Required work →
Retype exactly the span of lines below from the one with "普段見ることのできない恐竜と" through the one with "ママやパパや先生に教えてもらいながら、上手にわっかに入れました。". Do not include pictures.

BEGIN Task inputs

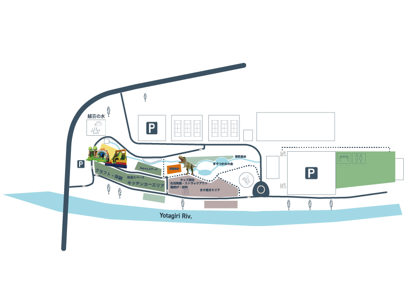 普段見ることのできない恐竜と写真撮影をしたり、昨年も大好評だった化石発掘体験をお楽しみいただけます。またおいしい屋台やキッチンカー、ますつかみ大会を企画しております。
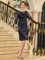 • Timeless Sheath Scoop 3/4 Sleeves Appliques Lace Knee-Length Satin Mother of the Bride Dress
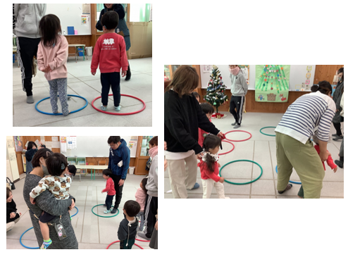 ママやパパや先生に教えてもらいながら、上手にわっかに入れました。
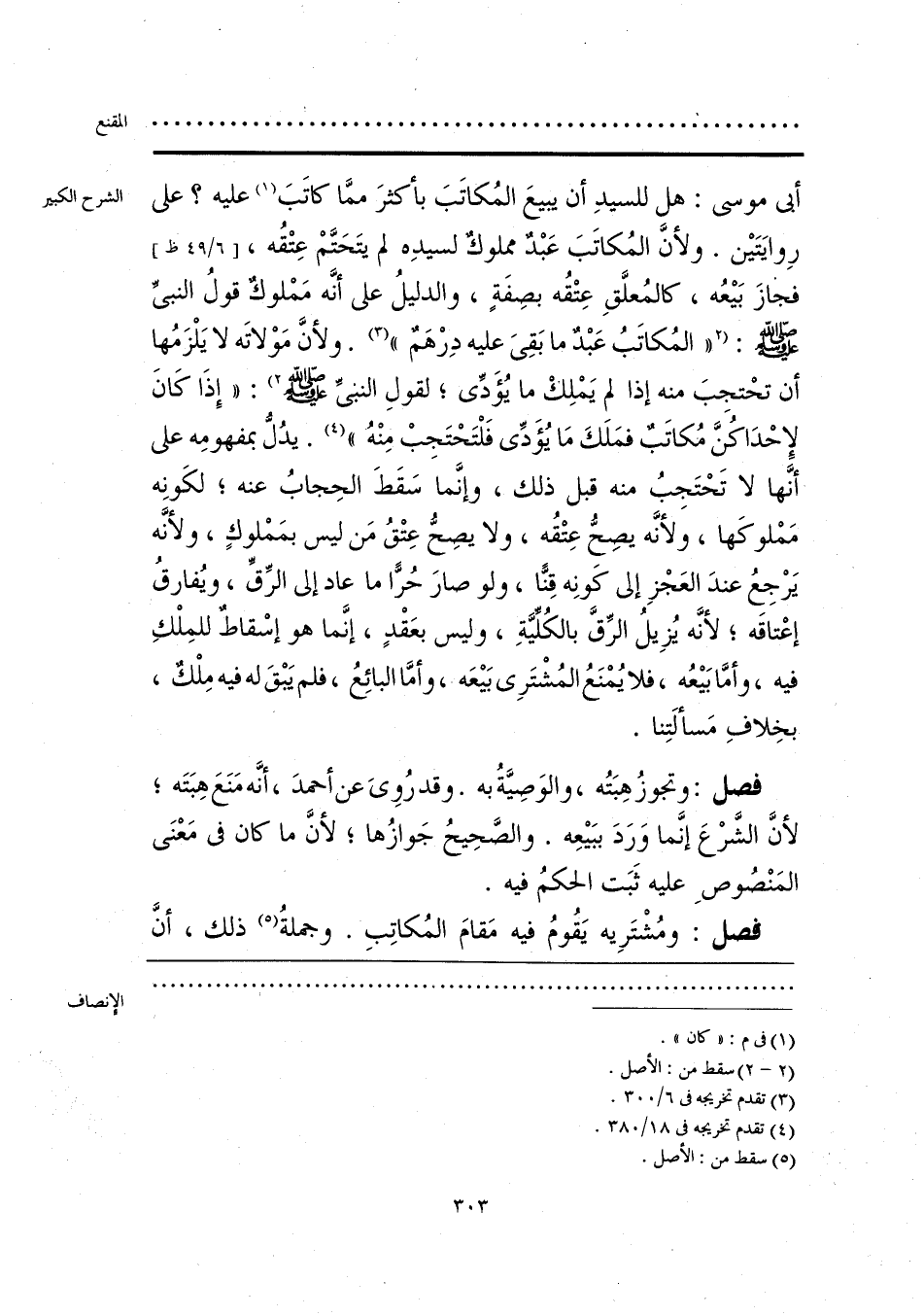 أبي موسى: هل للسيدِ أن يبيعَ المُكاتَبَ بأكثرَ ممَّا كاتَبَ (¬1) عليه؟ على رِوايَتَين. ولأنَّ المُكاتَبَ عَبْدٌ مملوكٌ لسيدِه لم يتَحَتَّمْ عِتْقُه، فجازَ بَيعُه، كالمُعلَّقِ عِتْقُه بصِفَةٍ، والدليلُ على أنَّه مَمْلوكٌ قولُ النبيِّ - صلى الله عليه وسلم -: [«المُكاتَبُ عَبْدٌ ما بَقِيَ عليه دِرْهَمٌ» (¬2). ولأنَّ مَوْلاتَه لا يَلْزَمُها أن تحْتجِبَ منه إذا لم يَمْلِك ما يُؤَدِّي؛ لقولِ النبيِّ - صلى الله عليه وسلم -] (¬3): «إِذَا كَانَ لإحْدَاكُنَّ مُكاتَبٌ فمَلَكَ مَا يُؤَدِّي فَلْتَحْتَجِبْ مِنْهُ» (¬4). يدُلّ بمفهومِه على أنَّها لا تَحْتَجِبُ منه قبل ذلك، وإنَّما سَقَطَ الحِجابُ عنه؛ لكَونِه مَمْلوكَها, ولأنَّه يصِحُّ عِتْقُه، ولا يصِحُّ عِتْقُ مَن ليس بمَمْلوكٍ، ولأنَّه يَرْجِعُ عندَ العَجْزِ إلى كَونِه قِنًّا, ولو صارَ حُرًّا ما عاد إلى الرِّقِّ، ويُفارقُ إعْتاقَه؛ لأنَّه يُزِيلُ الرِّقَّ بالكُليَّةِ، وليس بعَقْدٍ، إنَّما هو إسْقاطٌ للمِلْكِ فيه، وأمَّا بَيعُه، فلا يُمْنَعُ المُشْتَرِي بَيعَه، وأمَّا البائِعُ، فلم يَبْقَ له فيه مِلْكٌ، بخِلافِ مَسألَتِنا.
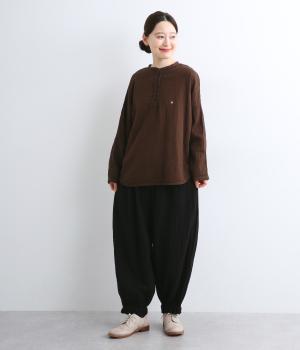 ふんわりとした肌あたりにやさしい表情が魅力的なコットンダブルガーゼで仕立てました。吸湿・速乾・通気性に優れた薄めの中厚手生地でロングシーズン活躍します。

END Task inputs
BEGIN Task inputs

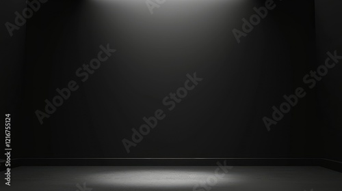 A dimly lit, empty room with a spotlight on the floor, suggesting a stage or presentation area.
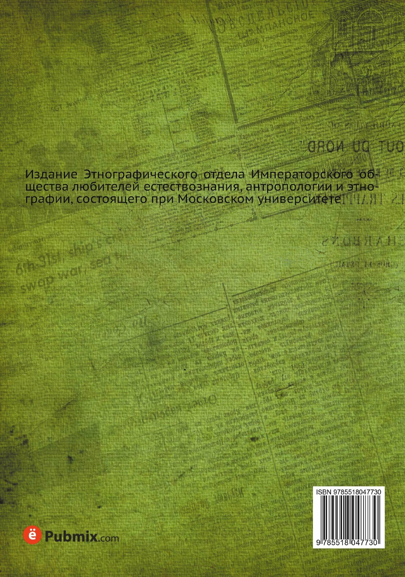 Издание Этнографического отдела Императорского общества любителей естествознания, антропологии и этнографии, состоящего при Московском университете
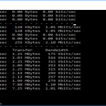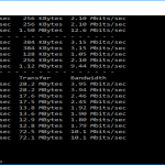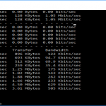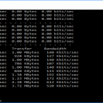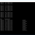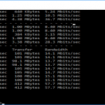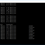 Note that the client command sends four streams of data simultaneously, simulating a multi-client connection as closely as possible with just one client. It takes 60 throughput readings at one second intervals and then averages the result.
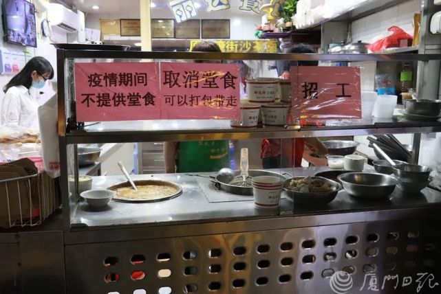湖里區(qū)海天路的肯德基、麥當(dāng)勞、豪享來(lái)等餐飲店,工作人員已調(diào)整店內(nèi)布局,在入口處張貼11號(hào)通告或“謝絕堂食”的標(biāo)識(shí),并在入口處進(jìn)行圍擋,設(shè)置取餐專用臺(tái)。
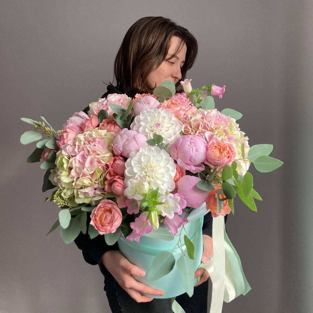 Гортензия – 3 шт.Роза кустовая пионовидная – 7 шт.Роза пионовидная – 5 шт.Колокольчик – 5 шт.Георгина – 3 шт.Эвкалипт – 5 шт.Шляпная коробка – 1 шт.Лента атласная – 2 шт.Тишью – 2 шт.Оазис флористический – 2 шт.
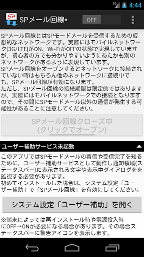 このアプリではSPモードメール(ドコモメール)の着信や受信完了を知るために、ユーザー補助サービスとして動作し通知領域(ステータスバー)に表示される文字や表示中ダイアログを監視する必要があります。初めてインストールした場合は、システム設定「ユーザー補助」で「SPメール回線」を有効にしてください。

END Task inputs

Answer for this exercise →
 普段見ることのできない恐竜と写真撮影をしたり、昨年も大好評だった化石発掘体験をお楽しみいただけます。またおいしい屋台やキッチンカー、ますつかみ大会を企画しております。
 • Timeless Sheath Scoop 3/4 Sleeves Appliques Lace Knee-Length Satin Mother of the Bride Dress
 ママやパパや先生に教えてもらいながら、上手にわっかに入れました。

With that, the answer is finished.